# Collected material:
BEGIN
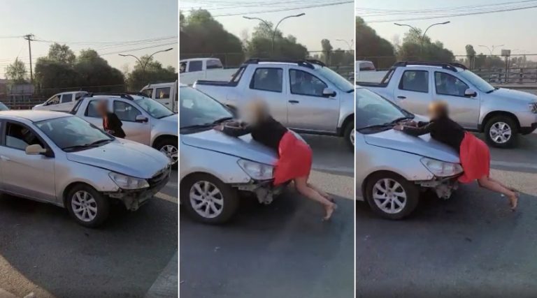 "¿¡Qué estay haciendo, hombre!?": Graban insólito altercado en que conductor empujó a mujer por 20 metros
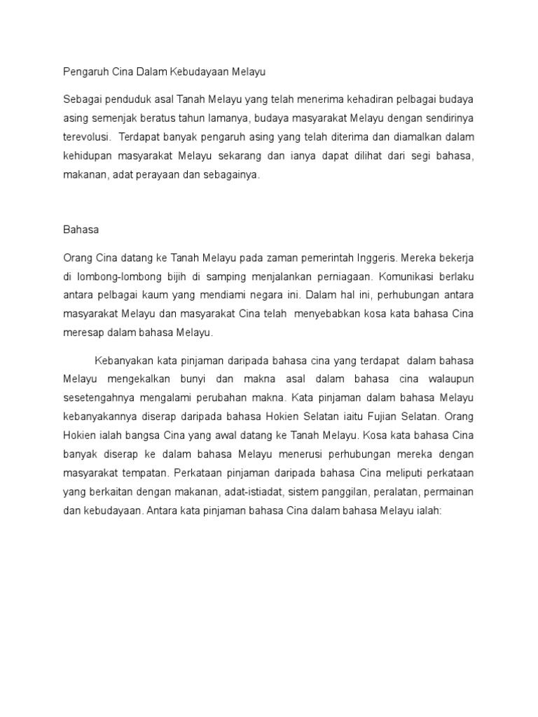 Budaya terdiri dari beberapa unsur baik dari bahasam kemasyarakatan, sistem pegetahuan, religi, teknologi. Dianggap sebagai unsur konservatisme dalam kebudayaan. Jika kebudayaan dari luar sesuai dengan budaya setempat, ia akan diterima dan dalam kehidupan bermasyarakat, orang melayu masih kental dengan semangat perpaduan dan saling tolong menolong antara satu sama lain. Download ppt pengaruh kebudayaan dalam abad sejarah. Mereka percaya bahawa setiap benda dalam dunia ini mempunyai semangat tersendiri. Kemudian yang menjadi pengaruh dalam berkembangnya kebudayaan dongson ini hingga meluas sampai keindonesia dan kemudian ia dikenal sebagai peradapan masa kebudayaan perunggu pada abad sekitar 1000 sm hingga 1 sm. Dengan kedatangan semua pengaruh asing ini perkembangan dalam masyarakat telah berlaku, begitu juga dengan kebudayaan melayu. Kemiripan madihin dan kesenian qasida, dapat mengindikasikan adanya. Pada masa kini, terlalu banyak diperkatakan isu yang perlakuan sosial yang negatif dalam bentuk sosial tidak seharusnya merupakan satu petunjuk ke atas dewasa ini kebudayaan barat sudah mendominasi segala aspek. Suku baduy luar lebih terbuka dengan. Salah satu suku yang memiliki kebudayaan khas dan selalu menjadi daya tarik bagi orang diluarnya adalah suku melayu. Kebudayaan suku melayu yang tersebar dalam berbagai rumpun melayu yang saat ini masih dipertahankan serta menjadi ciri khas orang orang melayu. Masuknya islam berpengaruh besar pada kebudayaan yang ada di indonesia.
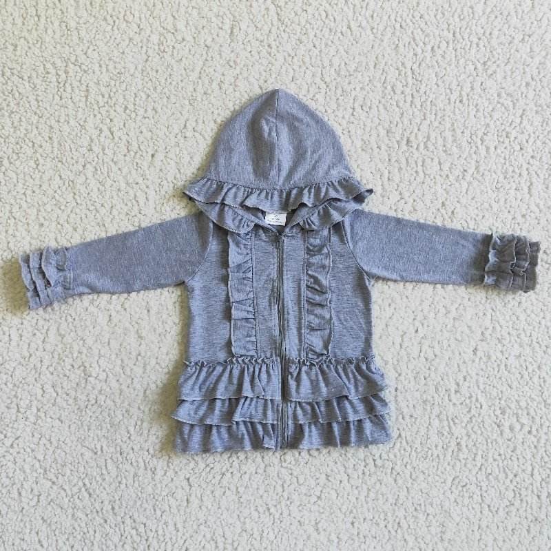 RTS top baby girl adorable Boutique green solid floral top kids toddler coat winter design child clothing zipper set
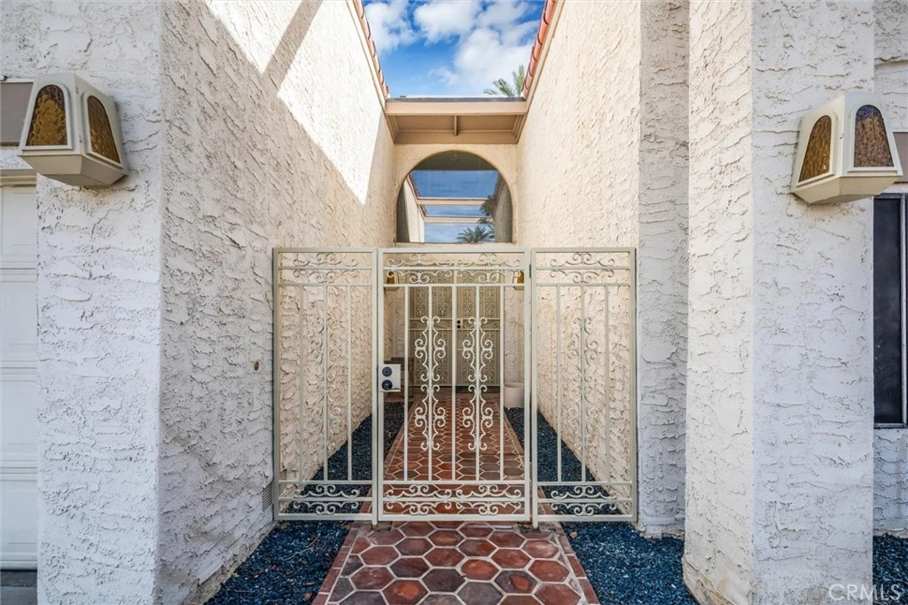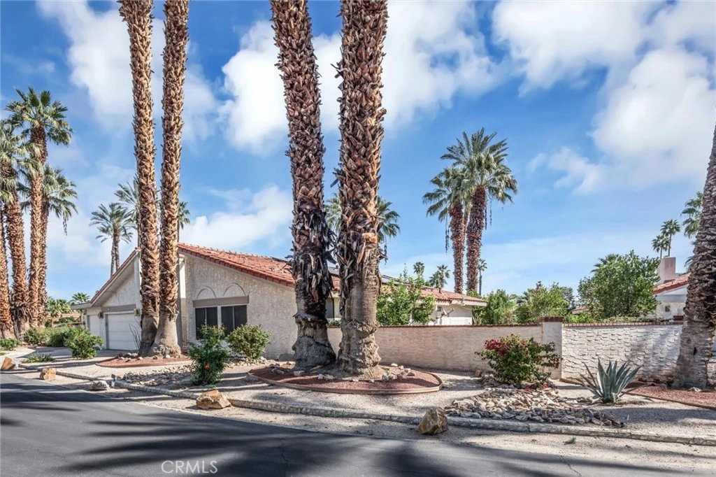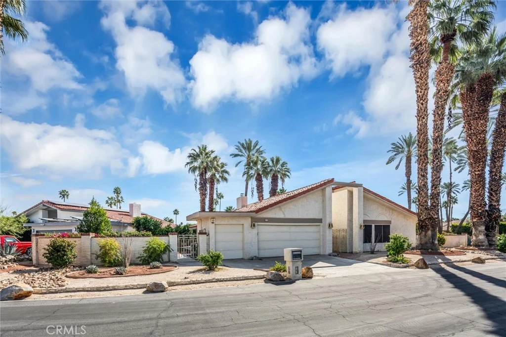 Located in the gated Presidential Estates community of Rancho Mirage, this spacious 2,700 sq ft home features an open floor plan with high ceilings, 3 bedrooms, and 3.5 bathrooms, including a large primary suite with dual bathrooms and an oversized walk-in closet. The kitchen opens to the main living areas and is complemented by a unique atrium between the kitchen and formal dining room. Additional features include a formal living room, wet bar, ample storage, a two-car garage plus a separate golf cart garage. The large walled lot offers a spacious patio and fruit trees. Community amenities include a pool, spa, and tennis courts with a low HOA, all conveniently located near shopping, dining, golf, and casinos.
END
# What the exercise asks:
Extract only the lines from the line containing "RTS top baby" through the final line of the listing above, unchanged; pictures stay out of the copy.

# Output below:
 RTS top baby girl adorable Boutique green solid floral top kids toddler coat winter design child clothing zipper set
 Located in the gated Presidential Estates community of Rancho Mirage, this spacious 2,700 sq ft home features an open floor plan with high ceilings, 3 bedrooms, and 3.5 bathrooms, including a large primary suite with dual bathrooms and an oversized walk-in closet. The kitchen opens to the main living areas and is complemented by a unique atrium between the kitchen and formal dining room. Additional features include a formal living room, wet bar, ample storage, a two-car garage plus a separate golf cart garage. The large walled lot offers a spacious patio and fruit trees. Community amenities include a pool, spa, and tennis courts with a low HOA, all conveniently located near shopping, dining, golf, and casinos.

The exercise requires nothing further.